My daughter also names the birds, sometimes after food. She has a little white silkie with some black wing and tail fluff called Toasted Marshmallow. Kids are cute


----------



## frogmama (May 17, 2014)

So, any thoughts on gender? I'm not sure


Sent from my iPad using Chicken Forum


----------



## Fiere (Feb 26, 2014)

Look at their combs, if they have one fat row of "peas", it's a hen. If it has one fat row with two little rows on either side, it's a rooster.


----------



## Jim (Sep 26, 2012)

If you can get a close up of the comb, that could help. See if they are bright red, they seem to turn early on the roosters. Also, those are Easter Eggers (aka EE). Out of the three options of Ameraucana, Araucana, and EE, I have had Ameraucana and EE. EE are my favorite, they lay bigger eggs and more frequent, from my experience. Plus, you get the added benefit of multi colored feathering. Araucana also are tufted and rumpless and Ameraucanas are bearded and have tail feathers, most sure solid color in Black, Blue, Splash, Lavender, and Wheaton (although the APA doesn't recognize Lavender or Splash) . I also think in some countries they flip flop the breed names (Ameraucana and Araucana) , though I don't. Understand why. 


Jim


----------



## frogmama (May 17, 2014)

Thanks for the info! I'll bring my camera out when I check on them incase I still have a question. Yeah, the Aurac/Amer/EE seems rather interchangeable at the farm stores here. I think they really favor the heavy-production birds and didn't really think this type is worth knowing the difference. I needed a rather docile breed as we are rookies and I am rather afraid of flighty birds. These guys are perfect and I am getting much more comfortable around them when they start flying around (that would be more my ISA Browns there...)

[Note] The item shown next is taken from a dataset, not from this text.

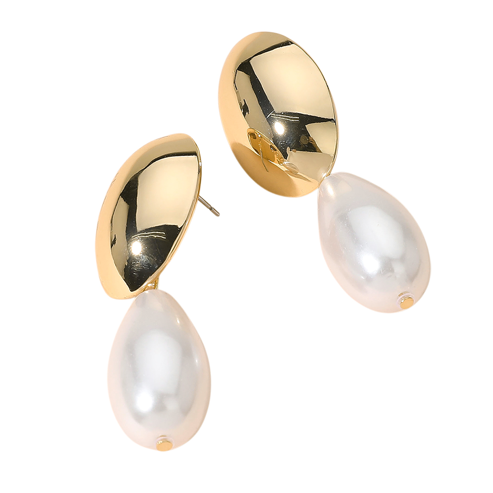 Pearl Centered Rhinestone Pave Simple Stud Earrings

Sent from my iPad using Chicken Forum


----------



## frogmama (May 17, 2014)

Our 5 EEs 
Their combs are getting very distinct. Our runt is Houdini, followed by John Doe. The other birds are quite larger. They are all 6 weeks.

Sent from my iPad using Chicken Forum


----------



## Fiere (Feb 26, 2014)

John is aptly named. The others have small combs and given the pics I'd guess hens. Houdini's is really red but it's very petite, so I'd still say hen.


----------



## frogmama (May 17, 2014)

Thank you! That is very helpful! No wonder the comb thing was confusing me! John's is the only different one and that is a pretty recent development, I think 


Sent from my iPad using Chicken Forum


----------



## Jim (Sep 26, 2012)

Yup, john and maybe midnight are Roos. 


Jim


----------



## frogmama (May 17, 2014)

Thank you - we'll be on the lookout!


Sent from my iPad using Chicken Forum


----------



## frogmama (May 17, 2014)

Just updating this thread -would you believe they are all hens?! All of our 10 chickens have survived into laying hens, which is very encouraging, but also is consuming precious resources!! (Feed, egg storage...). We aren't ready to sell eggs yet... About 200 in the fridge right now, lol


Rookie chicken keeper of 5 EEs and 5 ISA Browns, in Central MN


----------



## Jenn454SS (May 31, 2013)

I'm new to chickens as well and love this story. Not sure if you can keep roosters. So I'm glad to hear they are all hens! Kids and chickens are so much fun. Mine can't wait to see if there are any eggs and throw some treats into the run


----------